■ **Dataset**:
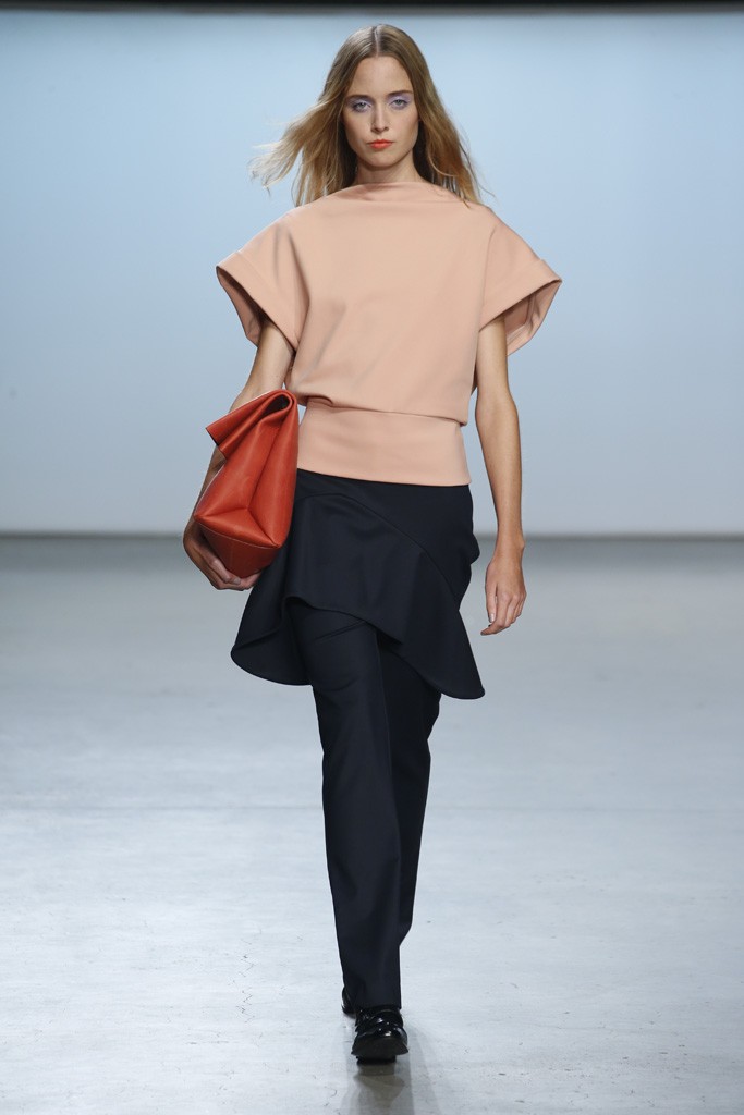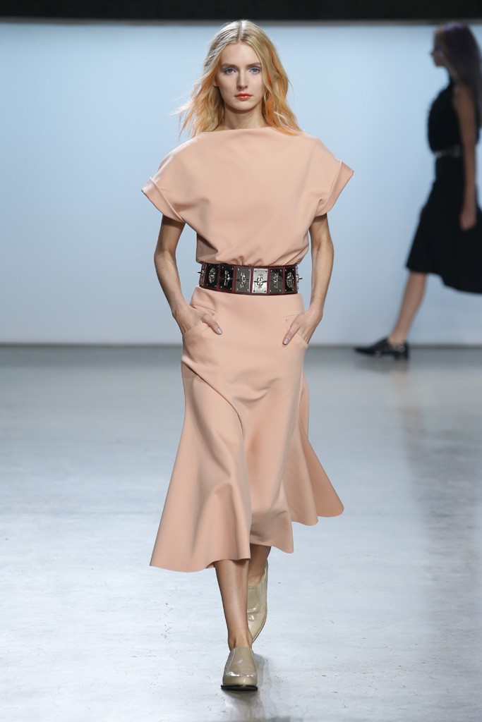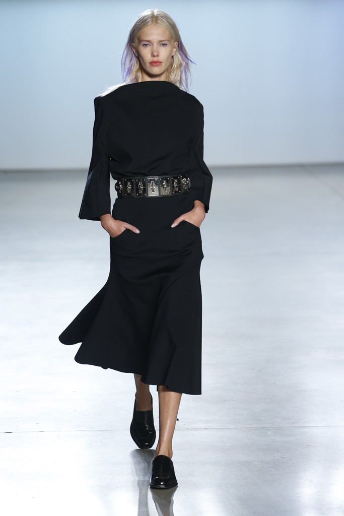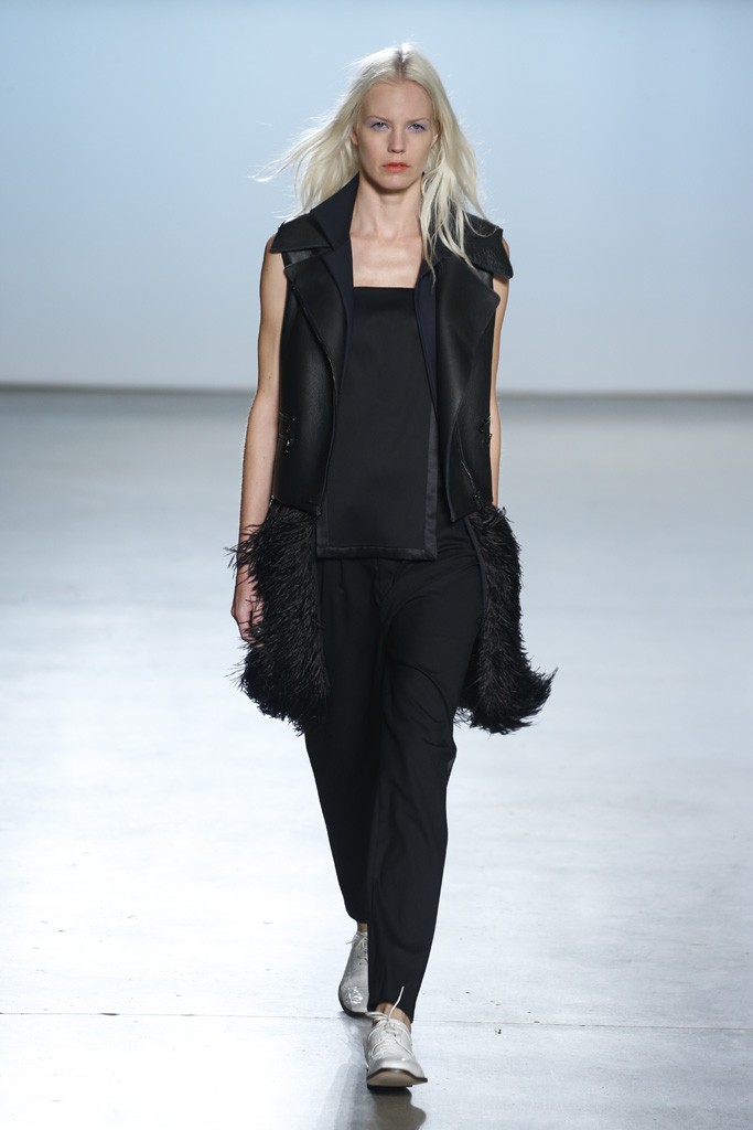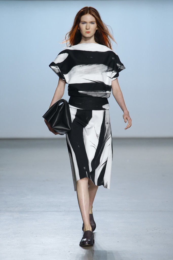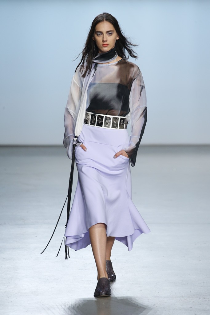 Straying from the seasonal stereotypical, designer Ms. Sally LaPointe went to trod her own path to make Spring|Summer 2015 sans a plethora of hues or florals. Instead, she went for more chic: a color palette of black and white. Taking inspiration of a conservative and classic goddess, Ms. LaPointe designed a majority of the collection with no exposure of the neckline, however, then turned liberal and modern at the sheer shirts and dresses.
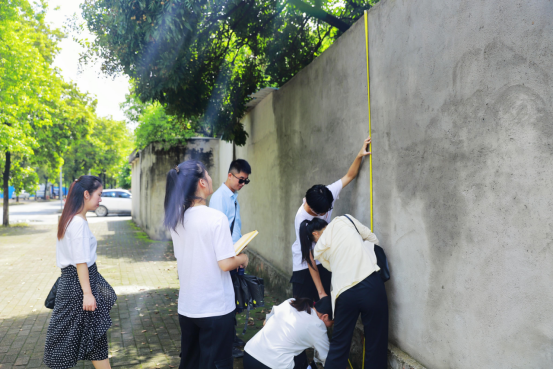 在宣传干事王伟文和乡村振兴干事王志鹏同志的陪同下,学院“非遗焕新”三下乡社会实践团队成员实地考察了中坑村的房屋风格、村庄布局、人文风俗和整体风貌,为本次“非遗焕新”社会实践的墙绘工作进行了选址和测量。
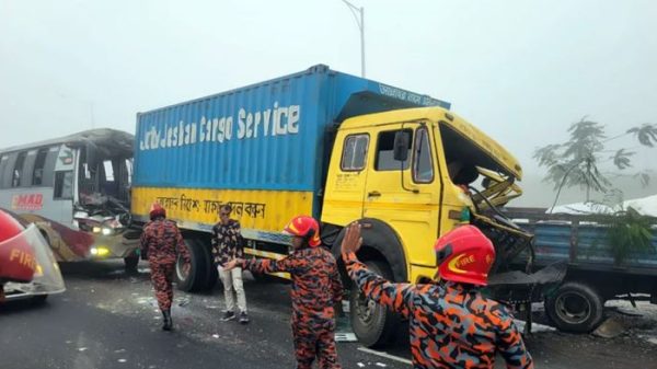 মুন্সীগঞ্জের কামারখোলায় ঢাকা-মাওয়া এক্সপ্রেসওয়েতে ঘন কুয়াশার কারণে পাঁচটি যানবাহনের একটির পিছনে আরেকটির সংঘর্ষের ঘটনা ঘটেছে। এতে অন্তত ২০ জন আহত হয়েছেন। আজ সোমবার সকাল পৌনে ৮টার দিকে এ দুর্ঘটনা ঘটে।
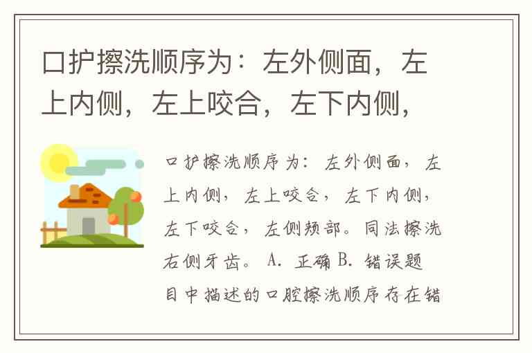 口护擦洗顺序为:左外侧面,左上内侧,左上咬合,左下内侧,左下咬合,左侧颊部。同法擦洗右侧牙齿。 A. 正确 B. 错误
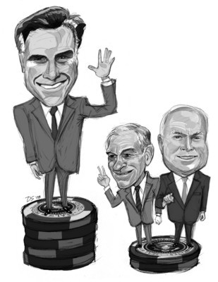 The caucusing capped a whirlwind week that put an unprecedented political spotlight on Southern Nevada, and saw the three leading Democratic candidates -- Clinton, Barack Obama and John Edwards -- and Republicans Romney and Ron Paul making multiple stops in the state.

■ **What needs to be done**:
Find the line that contains "মুন্সীগঞ্জের কামারখোলায় ঢাকা-মাওয়া", then write out that line and each one after it, exactly and with nothing else, through the end of the entries above, without the pictures.

■ **Response to this exercise**:
 মুন্সীগঞ্জের কামারখোলায় ঢাকা-মাওয়া এক্সপ্রেসওয়েতে ঘন কুয়াশার কারণে পাঁচটি যানবাহনের একটির পিছনে আরেকটির সংঘর্ষের ঘটনা ঘটেছে। এতে অন্তত ২০ জন আহত হয়েছেন। আজ সোমবার সকাল পৌনে ৮টার দিকে এ দুর্ঘটনা ঘটে।
 口护擦洗顺序为:左外侧面,左上内侧,左上咬合,左下内侧,左下咬合,左侧颊部。同法擦洗右侧牙齿。 A. 正确 B. 错误
 The caucusing capped a whirlwind week that put an unprecedented political spotlight on Southern Nevada, and saw the three leading Democratic candidates -- Clinton, Barack Obama and John Edwards -- and Republicans Romney and Ron Paul making multiple stops in the state.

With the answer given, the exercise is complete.